Sylvester Stallone, la devastante perdita: "Non esiste un dolore più grande"

Fra i volti maggiormente celebri della cinematografia internazionale c'è indubbiamente quello di Sylvester Stallone. Attore, regista, sceneggiatore e produttore cinematografico americano, deve la sua notorietà principalmente all’interpretazione di due ruoli che hanno rivoluzionato la sua vita professionale: Rocky Balboa e John Rambo. La sua esistenza però non è sempre stata rose e fiori. L'uomo ha affrontato anche momenti decisamente devastanti come il dolore fortissimo per la morte di uno dei suoi figli. Ma procediamo con ordine. Dal punto di vista lavorativo, iniziò a recitare come studente alla University of Miami, dove scelse di puntare sulla facoltà di arte drammatica, tuttavia non terminò mai il suo percorso. Infatti scelse ben presto di andare a New York per cominciare subito a fare l'attore. Principalmente nelle fasi iniziali del suo percorso artistico, Stallone affrontò momenti complicati, divenendo addirittura senzatetto. Poi, nel 1970 ottenne la sua prima buona occasione: fu protagonista del film Fuga senza tempo. Naturalmente però, è datata 1976 la vera e propria consacrazione con il lungometraggio Rocky. Grazie ad esso diventa uno degli attori più importanti e conosciuti del mondo. Non molto tempo dopo, finisce per interpretare anche John Rambo nel film Rambo, altro grande cult per gli amanti della settima arte.
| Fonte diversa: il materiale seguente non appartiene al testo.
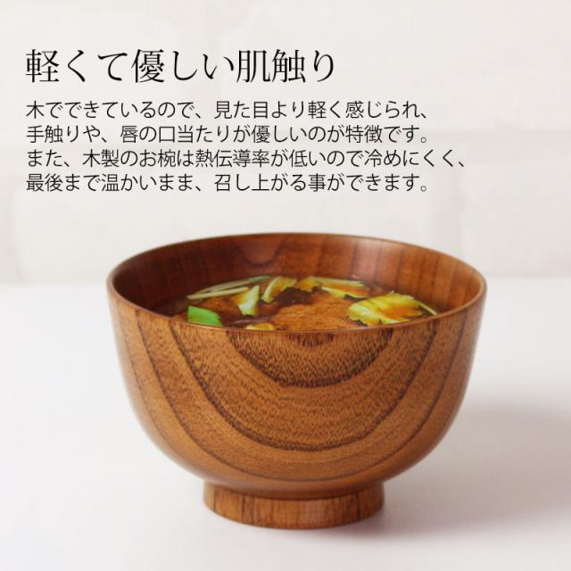 また、木製のお椀は熱伝導率が低いので冷めにくく、最後まで温かいまま、召し上がる事ができます。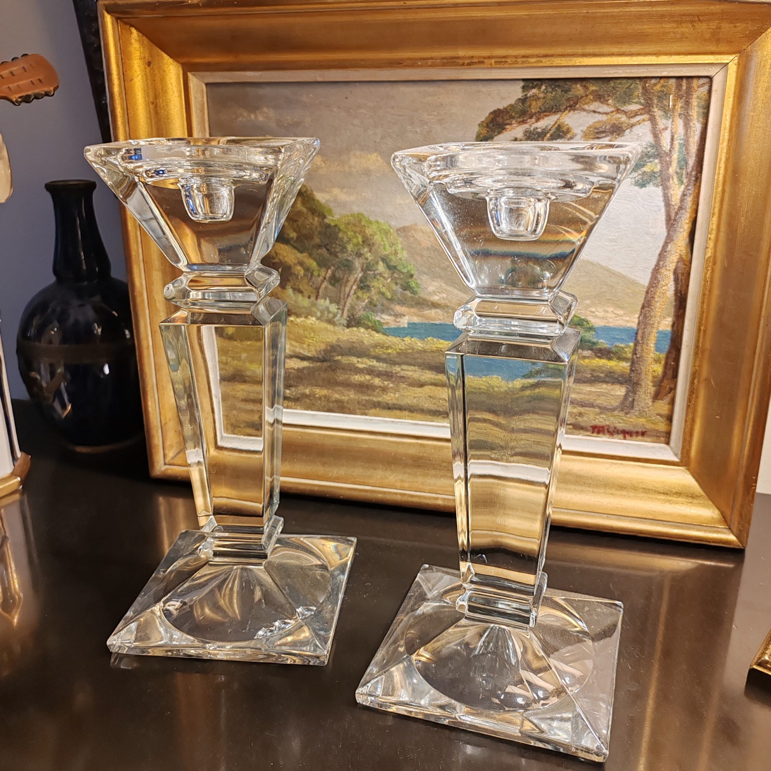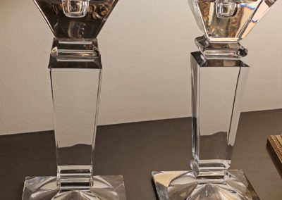 Paire de Bougeoirs- Chandeliers en cristal de bohême, massif, une ligne pure pour plusieurs types de bougie (cierges, bougies cylindriques ou rondes de 5-6 cm de diamètre).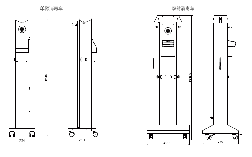 均提供附传感器和无传感器版本。参照安全设计原则,消毒车安装有定时装置,用户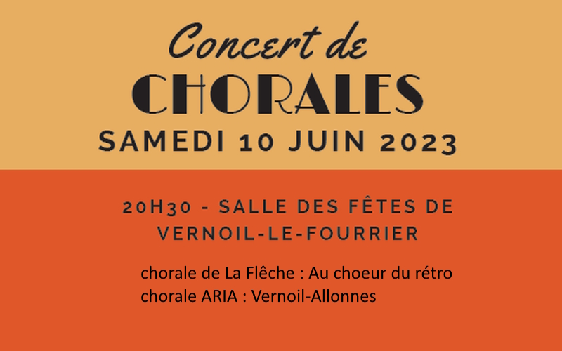 Le 10 juin à 20h30, concert de la chorale Aria de Vernoil et d'Allonnes et le choeur du Rétro de la Flèche

Riguardo invece alla vita sentimentale dell'atleta e attore, quest'ultimo nel 1974 sposò Sasha Czack, dalla quale ebbe due figli, Sage e Seargeoh. Il secondogenito comparve anche nel film Rocky 2 proprio per interpretare il pargolo neonato di Rocky. Sasha e Sylvester divorziarono poi nel 1985 forse per i diversi tradimenti dell’uomo ai danni della moglie. Nel 1985, Stallone convolò a nozze con Brigitte Nielsen, da cui tuttavia si separò due anni dopo a causa di notizie e scandali che lo riguardavano. Infine, nel 1997 l'uomo scelse di risposarsi ancora una, con Jennifer Flavin incontrata per le riprese di Rocky 5. Con lei ha anche messo su famiglia con tre splendide figlie, Sophie, Scarlet e Sistine. Sfortunatamente nel luglio del 2012 il celebre interprete dovette affrontare uno dei momenti più brutti della sua vita, ossia la morte di uno dei suoi eredi.

Quasi dieci anni fa è venuto difatti a mancare Sage, il primogenito di Sylvester, per un infarto, secondo quanto riportato pure da Elle. Sage è deceduto giovanissimo - aveva soli 36 ani - e con una vita davanti che sembrava pronto a renderlo una star. Il ragazzo infatti aveva iniziato la stessa professione del padre, diventando attore e regista. Un percorso artistico però arrestatosi all'improvviso, troppo presto. Naturalmente i genitori del giovane sono rimasti profondamente provati dall'accaduto: all'interno di un’intervista a TMZ, Stallone ha svelato che non c'è un dolore più grande della perdita di un figlio e, all'epoca, chiese anche rispetto per lui e per la madre di Sage. Genitore e figlio avevano pure avuto occasione di recitare assieme in pellicole come Rocky 5 e Daylight trappola nel tunnel. Solo tre anni dopo la scomparsa del suo primogenito, l'attore è tornato a recitare, sebbene abbia più volte ammesso la difficoltà di rifare il proprio mestiere, dopo quanto passato.